I'm not sure if this is a legitimate 'musical genre' or not, hence created it in my userspace. It needs a more comprehensive intro/discussion before i'm comfortable entering it into wikipedia-proper. --Quiddity 21:56, 30 October 2005 (UTC) (updated Quiddity 22:35, 20 June 2006 (UTC))
I suggest listing the composers alphabetically by last name first with the last name in boldface.
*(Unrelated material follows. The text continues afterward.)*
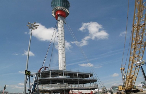 Новая башня расположена рядом с терминалом 3 и окружена действующими стоянками для самолетов и рулежной дорожкой. Чтобы свести к минимуму влияние эксплуатации аэропорта, была разработана концепция монтажа, позволяющая сконструировать кабину за пределами площадки перед транспортировкой на постоянную площадку и поднять ее, чтобы можно было установить готовые секции мачты.

It makes things easier to find. Jeffmatt
Why are some of the composers bolded? Nationalparks 14:09, 23 June 2006 (UTC)
- Theoretically, they're the most notable/famous composers of film scores. -Quiddity 19:41, 23 June 2006 (UTC)
Notable film score composers
We really need to pick some kind of criteria for "Notability", and severely reduce the size of this list section, whilst moving all non-included names to the "List of" article. We also need to avoid this turning into a popularity contest, and a western-centric one too. (Ideally, the resulting list will eventually get rewritten into good prose.) --Quiddity 23:15, 7 September 2006 (UTC)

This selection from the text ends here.